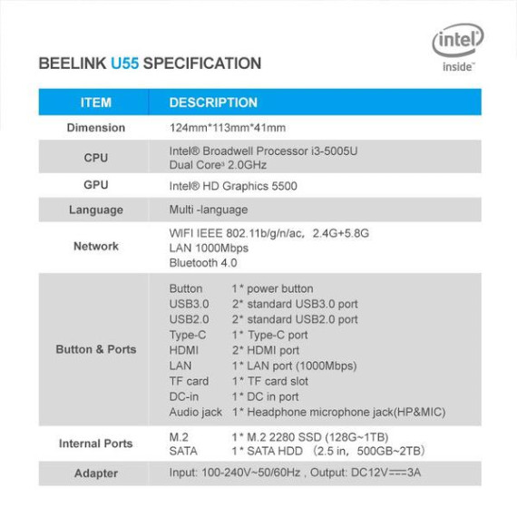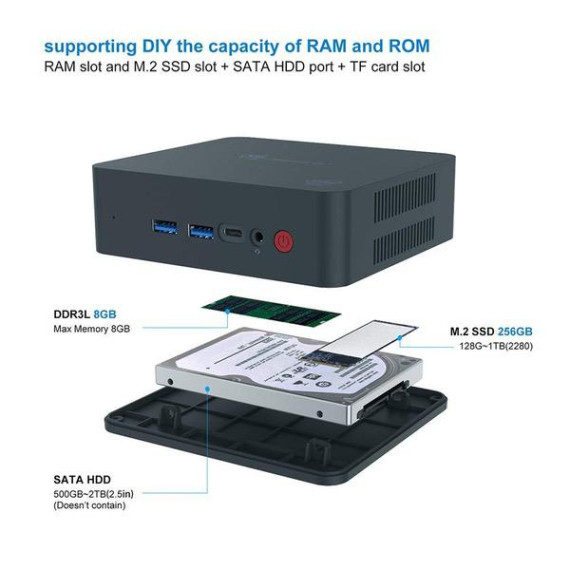Make sure this fitsby entering your model number. 【 AP35 Office Mini PC small and portable】 115*102*45mm , with 4 USB 3.0 ports, 1 headphone jack, 1 * power button, 1 * 1000M LAN port, 2 * HDMI 1.4b port, 1 * 12V DC port, and 1 * TF card slot port, incl. VESA mount 【Pre-installation Windows 10 64-bit home-based system, latest Intel Apollo Lake J3355 CPU and Intel UHD Graphics 500】: AP35 built in latest Intel Apollo Lake J3355 (2 Core 2 threads cache 2M, 2GHZ up to 2.5GHz), with Intel HD graphics 500, 2 * HDMI 1.4b port, 4K 30HZ. You can extend the Mini PC to dual 4K monitor or 4K TV, enjoy ultra-real 4K video. 【Large Memory 4GB Ram LPDDR4 64GB eMMC】 DDR4 4GB Memory and 64GB eMMC , support TF Card,SATA SSD and HDD Capacity Expansion. (tf card,HDD and SSD are not included), loads your favorite shows and movies as you like, with smooth and responsive navigation and apps that start fast. 【2.4GHZ + 5.8GHZ dual band wifi and 1000Mb / s Lan】: support 2.4G + 5.8G dual band WiFi, 1000Mb / s Lan. Exceptional connectivity capabilities. Open the web page in seconds, quickly download the file, watch the video without buffering, do not play the game. 【New Cooling Method and 10W Engery Saving】 Good heat dissipation design to ensure high performance operation at high temperature when CPU usage 100% . 10W Low power consumption and environmental protection.
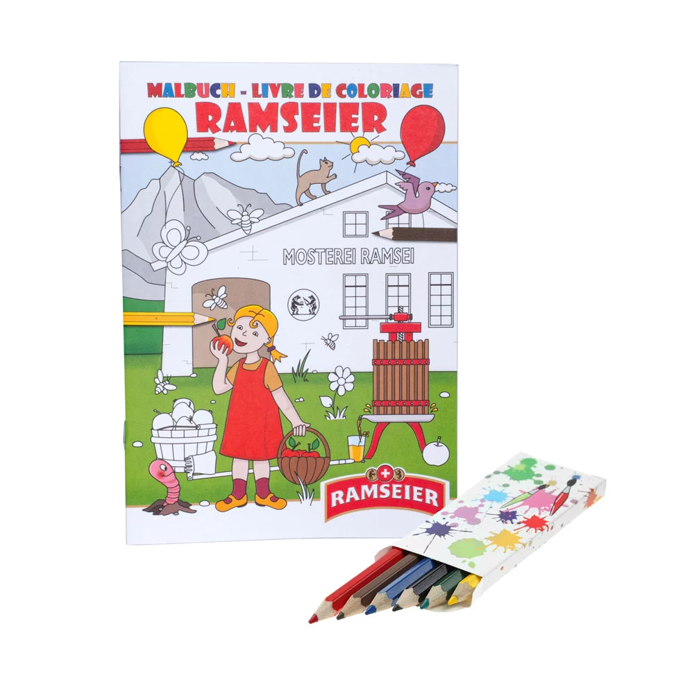 Einmaliges Malbuch für Klein bis Gross - passend für jede Zielgruppe! Set bestehend aus individuell erstelltem Buch mit 4 Umschlags- (300 g/qm) sowie 12 Innenseiten (100 g/qm) und 6 kurzen (9 cm) Farbstiften aus nachhaltig produziertem Holz, Mindestbestellmenge 1000 Stück
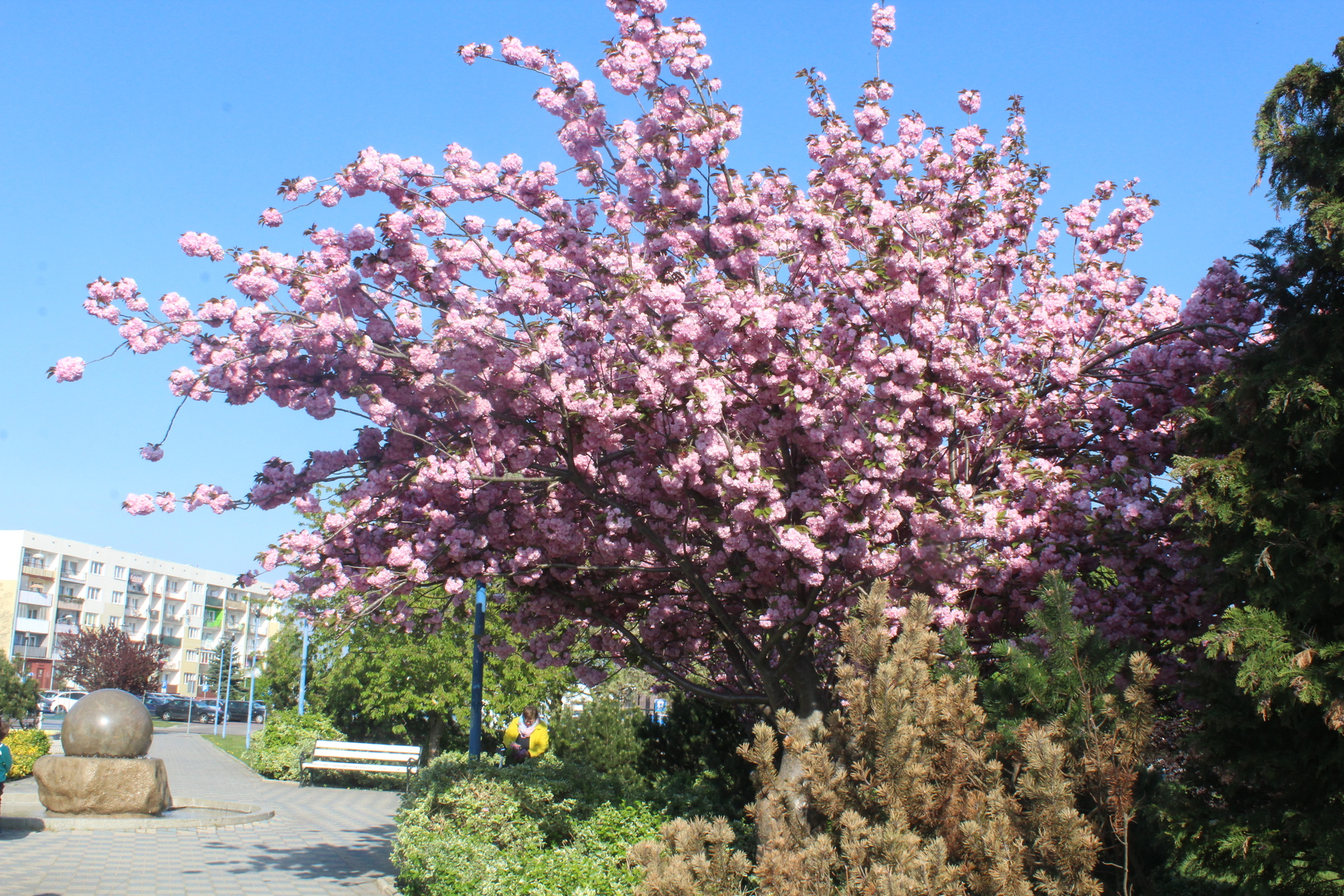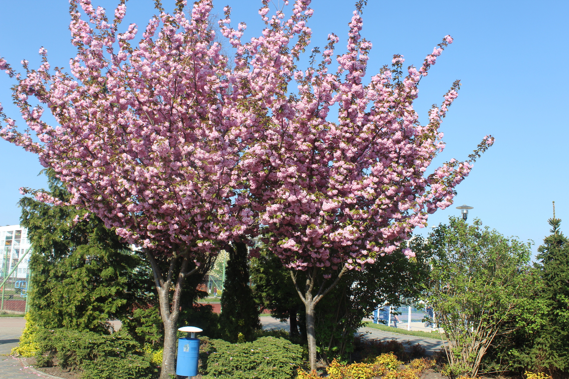 W kilku miejscach na terenie Polkowic, m.in. przy Placu Honorowych Dawców Krwi, zakwitła wiśnia odmiany „Kanzan”. W tym tygodniu przypada szczyt kwitnienia drzewek, a ich urok przyciąga mieszkańców.

___

■ **ACTION ITEM**: Omit the pictures, then print the rest of the listing above exactly.

■ **RESPONSE AREA**:
Make sure this fitsby entering your model number. 【 AP35 Office Mini PC small and portable】 115*102*45mm , with 4 USB 3.0 ports, 1 headphone jack, 1 * power button, 1 * 1000M LAN port, 2 * HDMI 1.4b port, 1 * 12V DC port, and 1 * TF card slot port, incl. VESA mount 【Pre-installation Windows 10 64-bit home-based system, latest Intel Apollo Lake J3355 CPU and Intel UHD Graphics 500】: AP35 built in latest Intel Apollo Lake J3355 (2 Core 2 threads cache 2M, 2GHZ up to 2.5GHz), with Intel HD graphics 500, 2 * HDMI 1.4b port, 4K 30HZ. You can extend the Mini PC to dual 4K monitor or 4K TV, enjoy ultra-real 4K video. 【Large Memory 4GB Ram LPDDR4 64GB eMMC】 DDR4 4GB Memory and 64GB eMMC , support TF Card,SATA SSD and HDD Capacity Expansion. (tf card,HDD and SSD are not included), loads your favorite shows and movies as you like, with smooth and responsive navigation and apps that start fast. 【2.4GHZ + 5.8GHZ dual band wifi and 1000Mb / s Lan】: support 2.4G + 5.8G dual band WiFi, 1000Mb / s Lan. Exceptional connectivity capabilities. Open the web page in seconds, quickly download the file, watch the video without buffering, do not play the game. 【New Cooling Method and 10W Engery Saving】 Good heat dissipation design to ensure high performance operation at high temperature when CPU usage 100% . 10W Low power consumption and environmental protection.
 Einmaliges Malbuch für Klein bis Gross - passend für jede Zielgruppe! Set bestehend aus individuell erstelltem Buch mit 4 Umschlags- (300 g/qm) sowie 12 Innenseiten (100 g/qm) und 6 kurzen (9 cm) Farbstiften aus nachhaltig produziertem Holz, Mindestbestellmenge 1000 Stück
 W kilku miejscach na terenie Polkowic, m.in. przy Placu Honorowych Dawców Krwi, zakwitła wiśnia odmiany „Kanzan”. W tym tygodniu przypada szczyt kwitnienia drzewek, a ich urok przyciąga mieszkańców.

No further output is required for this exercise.